Your best bet is to contact PES they had offered S/C kits for the 30v ATQ/AHA motors they might have something for your setup as well


----------



## 91gti_wolfsburg (Mar 15, 2005)

*Re: Info for custom supercharger for 97 audi a6 (TBT-Syncro)*


_Quote, originally posted by *TBT-Syncro* »_
p.s. Audi never offered the 12v.

AFC and AHH (or AAH, I'm dislexic, get off my nuts.)
The 12v and 30v motors share nothing in common except being similar in shape. (90 degree bank angle)








Plus, I'd take a 30v over a 12v any day, the 12v's leak oil like a british motorcycle. 

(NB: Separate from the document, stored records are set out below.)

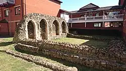 The Blackfriars church, which was dedicated to St Mary, disappeared within a century after the Dissolution, but the layout of the other conventual buildings, including some of the original structures, survived long enough to be illustrated and planned by Joshua Kirby in 1748.[2] By that time later uses had supervened and their interpretation had become confused.[3] The last of the monastery buildings, the former sacristy, chapter house and dormitory, continued in use as a schoolroom for the Ipswich School until 1842 before finally being demolished in 1849. In 1898 Nina Layard had some success in locating buried footings.[4] A modern understanding of the site emerged during the 1970s and 1980s, through scholarly interpretation and in excavations by the Suffolk County Council team,[5] by which the position of the lost Blackfriars church was recognized and revealed, much of the original plan was clarified or confirmed, and former misapprehensions were corrected.[6][7]
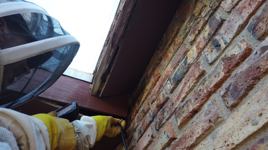 The inspection can be as simple as 'looking over' the area in the case of a simple swarm on a branch, or as complicated as using ladders, step stools, drills, saws, or other tools and inspection cameras to get a proper understanding of the hive location and size. Even with our best efforts sometimes it can be challenging to fully assess the scope of a hive and extent of it's size.
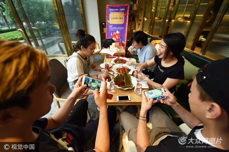2017年6月21日,顧客在杭州一家小龍蝦餐廳里掃碼抽獎(jiǎng),希望得到免費(fèi)的代練“王者榮耀”的機(jī)會(huì)。
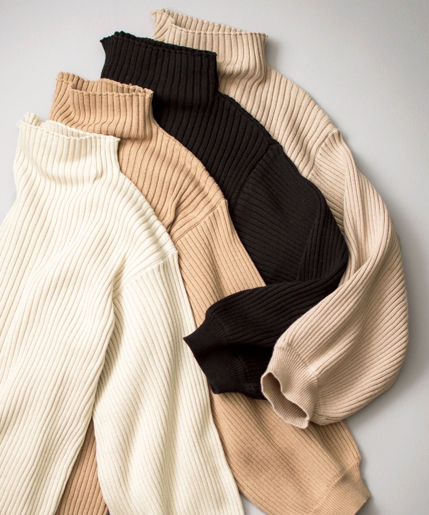 絶妙なシルエットで体にやさしくフィットするリブニットカットソー。
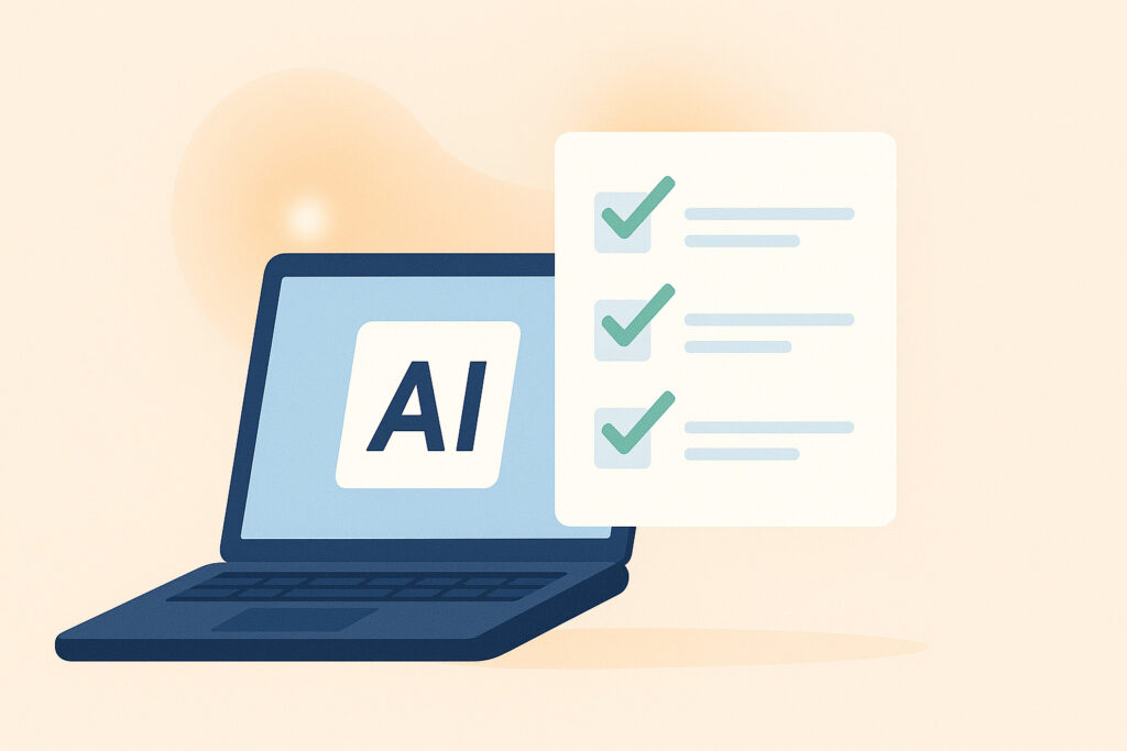要素:ノートPC、チェックリスト、抽象的な光の表現
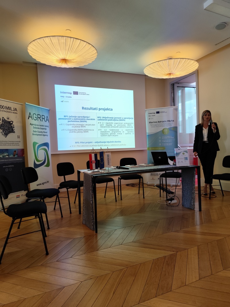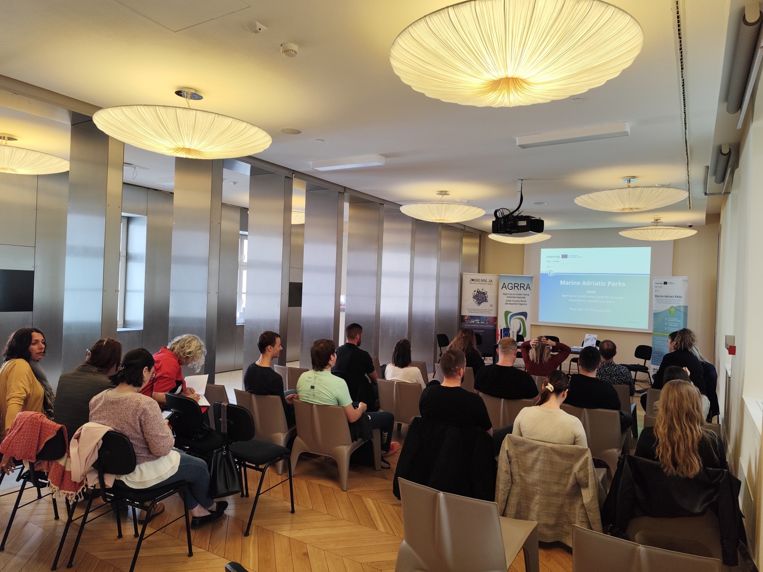 U okviru Dana otvorenih vrata EU projekata 2025., 17. listopada 2025., održana je radionica Blue Cafe “Zaštićena područja za otoke” u Multimedijalnoj dvorani II Palače u Zadru s početkom u 10:00 sati. Radionicu su organizirali Agencija za ruralni razvoj Zadarske županije - AGRRA, vodeći partner na projektu MAPA te Društvo istraživača mora 20.000 milja. Ova radionica dio je projekta MAPA (Marine Adriatic PArks), sufinanciranog iz programa Interreg Italija – Hrvatska 2021-2027.
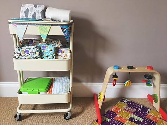 As there will be times when this will be a guest room, I decided to switch out a conventional change table and make up a change station instead…so it can be easily moved to a different room so that not everyone in the house needs to be woken up for a 3am poopy nappy!
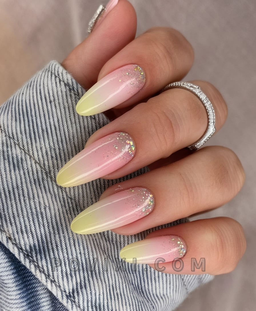 There’s something unmistakably radiant about the fusion of lemon-yellow tips and glittery pink bases. The summer 2025 feel that this set represents appears through its long almond-shaped design which creates beautiful length for fingers. During the day the gleaming pink gradually transitions to energizing yellow like enjoying poolside margaritas under the warm sunshine. The set offers captivating bright color in a sophisticated way for anyone who seeks distinctive style. The nail look works best with a white sundress and gold accessories because they highlight the warm colors in this design.

Also- in addition to early a4's and a6's the 12v was also offered in B4 audi 90 cars. 1993-1995


_Modified by 91gti_wolfsburg at 11:50 AM 1-4-2010_


----------



## epjetta (Sep 19, 2006)

*Re: Info for custom supercharger for 97 audi a6 (Darth-Vento)*

my buddy has a supercharger set up for a 98 a4. you should have the same motor. he wants to sell it because he is changing his whole setup. he is willing to sell everything. including ported heads with OS valves modified to use MLS head gaskets and equal length headers. if interested i can put you in contact with him.


----------



## mcdub (Jun 19, 2005)

pointless,save your money.


----------



## Darth-Vento (Mar 16, 2006)

*Re: Info for custom supercharger for 97 audi a6 (91gti_wolfsburg)*

if I do a 30v swap would it just drop in place right?


----------



## Issam Abed (Feb 12, 2004)

*Re: Info for custom supercharger for 97 audi a6 (benzivr6)*


_Quote, originally posted by *benzivr6* »_
Actually your wrong bro Audi's early V6 motors were in deed 12v they were AFC motors found in the early a4/a6 platforms from the 90's era. 
Your best bet is to contact PES they had offered S/C kits for the 30v ATQ/AHA motors they might have something for your setup as well

Scott was thinking about the VR6 motor so forgive him.I am sure he knows ALL ABOUT the 12V V6 motor.
MHO is put a VR6 in it.You will thank me later...
12V V6 performance leaves alot to be desired.No one has developed any parts for them and trying to squeeze power out of the motor without access to cams, etc will be "pointless".


----------